MichaelHiller commented 1 month ago

Hmm, 100 GB should be enough. Do all jobs error or only particular ones with very big genes (I think TTN needs more mem).

The other thing that could be an issue, though I don't see it in these messages is the .1 in the transcript ID. TOGA projections are named transcript.gene.chainID The XM*.1 may confuse TOGA. @kirilenkobm I think we check at an early stage whether the transcripts contain a dot? Do we?

lpnunez commented 1 month ago

I do not believe the dot in the transcript name would have an issue. I have issued jobs with the same reference that ran smoothly.

Also, I realized that I switched the order of the reference 2bit and the target 2bit in the toga command (incredibly embarrassing on my end, but it would explain why the scaffold sizes were not matching between the 2bit and chain files).

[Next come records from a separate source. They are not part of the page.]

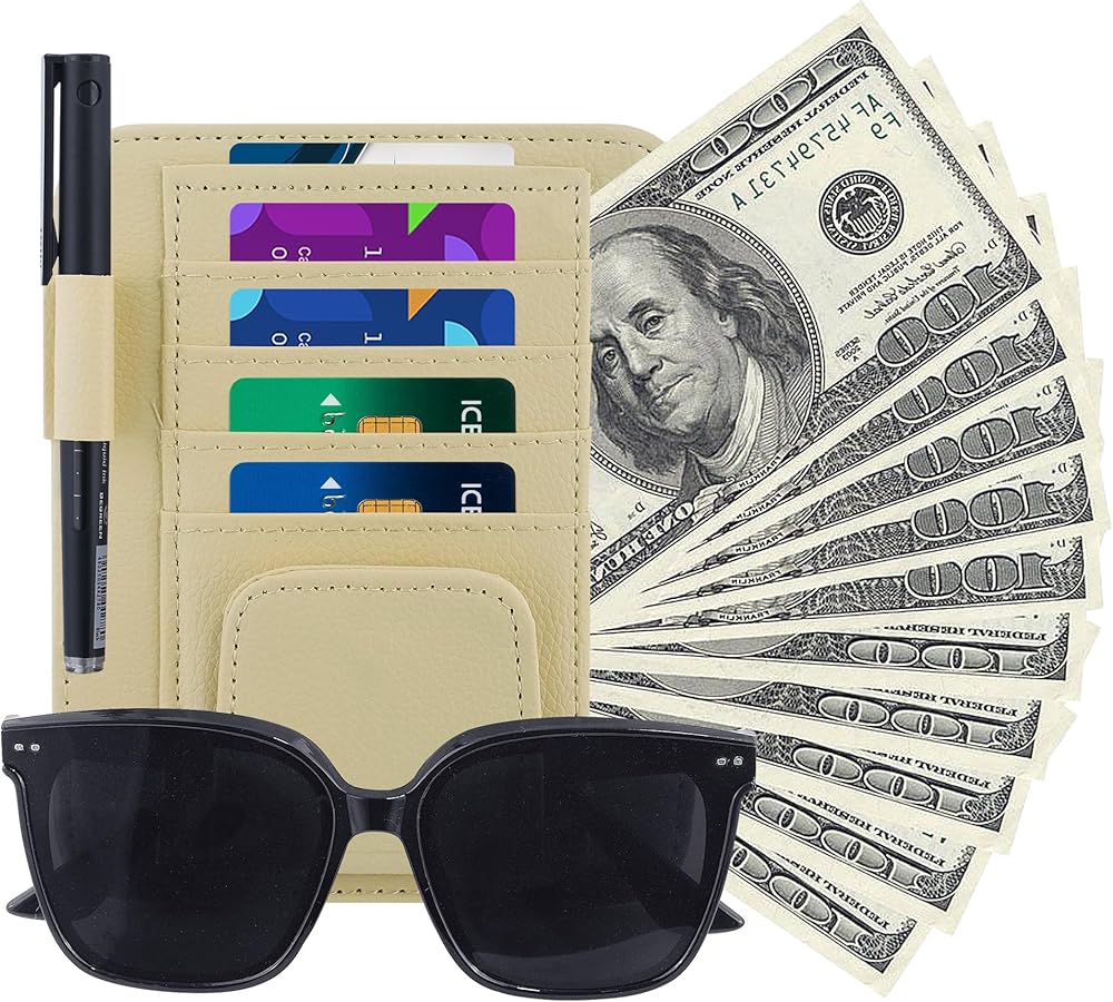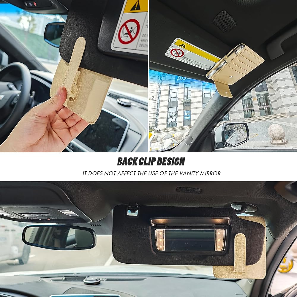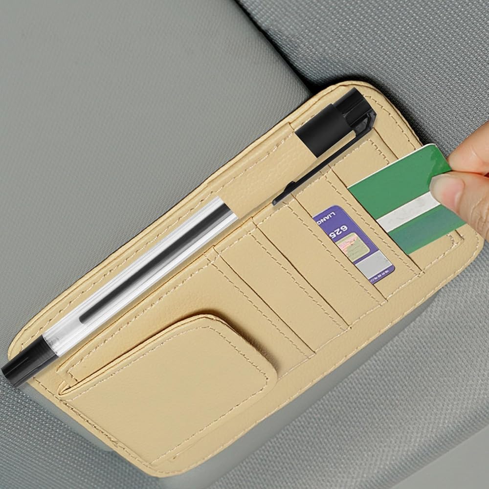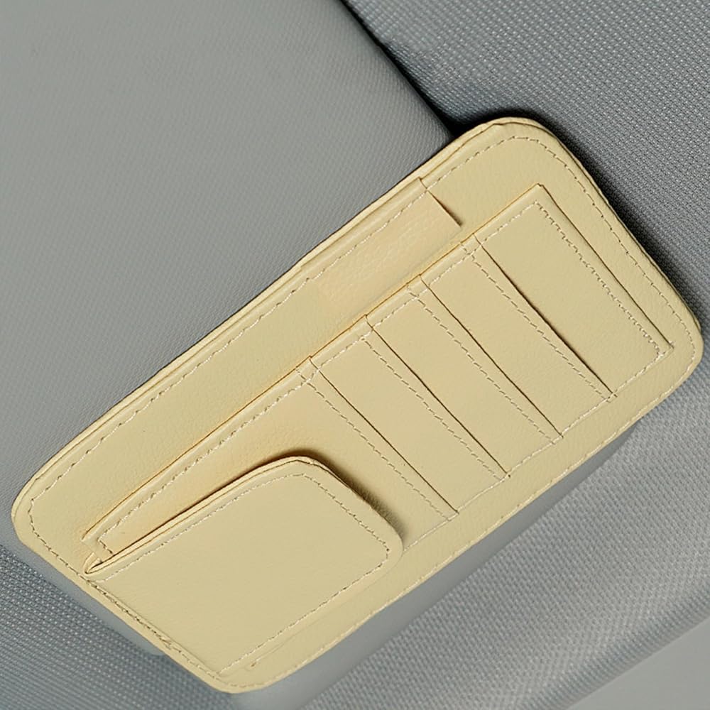 Car Sun Visor Organizer Clip, Small Car Card Sleeve Pocket Organizer, Car Visor Document Holder, Sunglasses, Car Registration/Drving License, Insurance Info, Pen, Note - Beige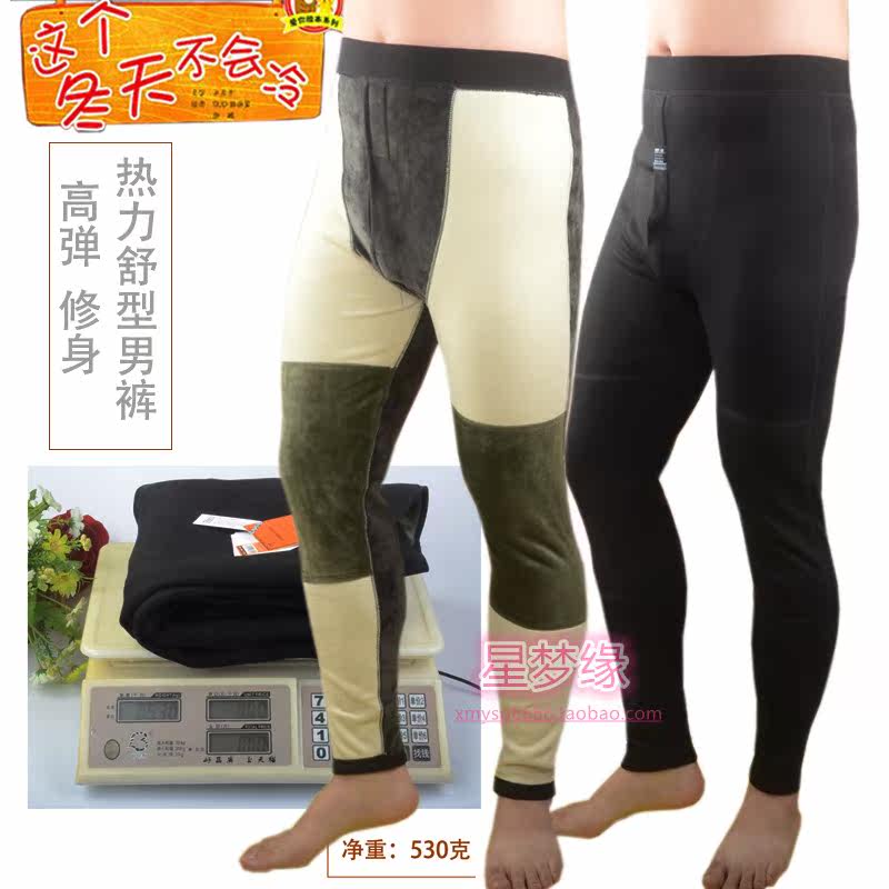 Men's autumn and winter widening, loose and thickening, velvet knee pads, waist pads, tight elastic warm cotton pants, bottoming one-piece pants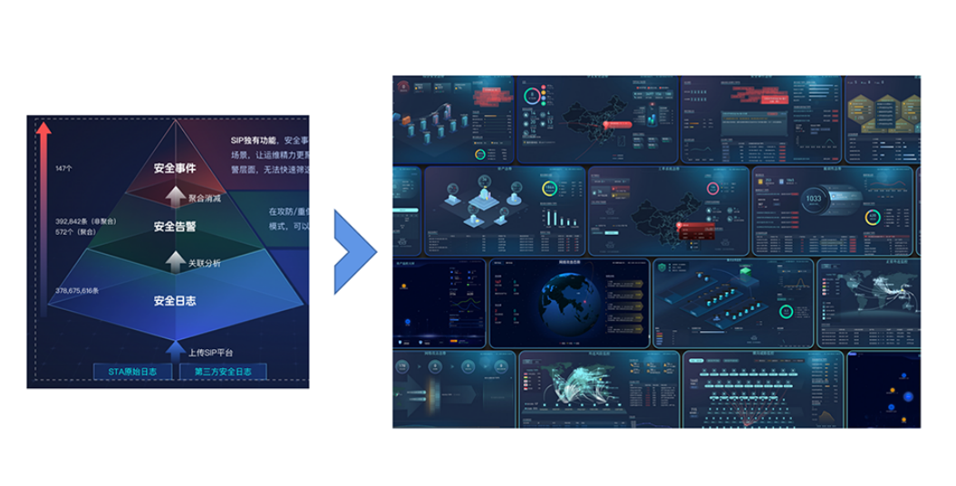 √ 16块可视化大屏,,,,直观展现全网态势,,,,帮助客户看清全局,,,,找到病症,,,精准消杀处置。。。。

Regarding the jobs where the CESAR jobs have been crashing, could this be part of the issue? The target genomes here have the same scaffold sizes as the reference, so if I had switched the reference and target 2bits it would not get caught.

lpnunez commented 1 month ago

I wanted to follow up, now that I have the results from more attempted jobs. So every run that I have attempted have failed with the same error mentioned in my second comment and reprinted here:

/home/lnunez/mendel-nas1/TOGA/CESAR_wrapper.py XM_032237228.1 5 /home/lnunez/mendel-nas1/WGS/TOGA/Dissertation/Nerodia_clarkii/temp/toga_filt_ref_annot.hdf5 /home/lnunez/mendel-nas1/WGS/TOGA/Dissertation/Nerodia_clarkii/temp/genome_alignment.bst /mendel-nas1/lnunez/WGS/Cactus/Outputs/Diss/twobit/Nerodia_clarkii.2bit /mendel-nas1/lnunez/WGS/Cactus/Outputs/Diss/twobit/Thamnophis_elegans.2bit --cesar_binary /home/lnunez/mendel-nas1/TOGA/CESAR2.0/cesar --uhq_flank 50 --temp_dir /home/lnunez/mendel-nas1/WGS/TOGA/Dissertation/Nerodia_clarkii/temp/cesar_temp_files --mask_stops --check_loss --alt_frame_del --memlim 10

CESAR JOB FAILURE   
Traceback (most recent call last):
  File "/home/lnunez/mendel-nas1/TOGA/CESAR_wrapper.py", line 2661, in <module>
    realign_exons(cmd_args)
  File "/home/lnunez/mendel-nas1/TOGA/CESAR_wrapper.py", line 2294, in realign_exons
    exon_coordinates, exon_sequences, s_sites, exon_flanks = get_exons(
  File "/home/lnunez/mendel-nas1/TOGA/CESAR_wrapper.py", line 425, in get_exons
    left_flank = chrom_seq[left_flank_coord[0]: left_flank_coord[1]].upper()
  File "/home/lnunez/mendel-nas1/miniconda3/lib/python3.9/site-packages/twobitreader/__init__.py", line 432, in __getitem__
    return self.get_slice(min_=slice_or_key.start, max_=slice_or_key.stop)
  File "/home/lnunez/mendel-nas1/miniconda3/lib/python3.9/site-packages/twobitreader/__init__.py", line 511, in get_slice
    fourbyte_dna.fromfile(file_handle, blocks_to_read)
ValueError: negative count

Again, the issue seems to lie with the realign_exons() function in the CESAR_wrapper.py script. This same error has repeated in all of my jobs so far and there is no consistency with which transcripts in the genome the jobs fail on. Only 8-12 of the thousands of transcripts seem to be failing, but since it's not consistent across genomes, I can't really go back and remove the problematic transcripts from the inputs.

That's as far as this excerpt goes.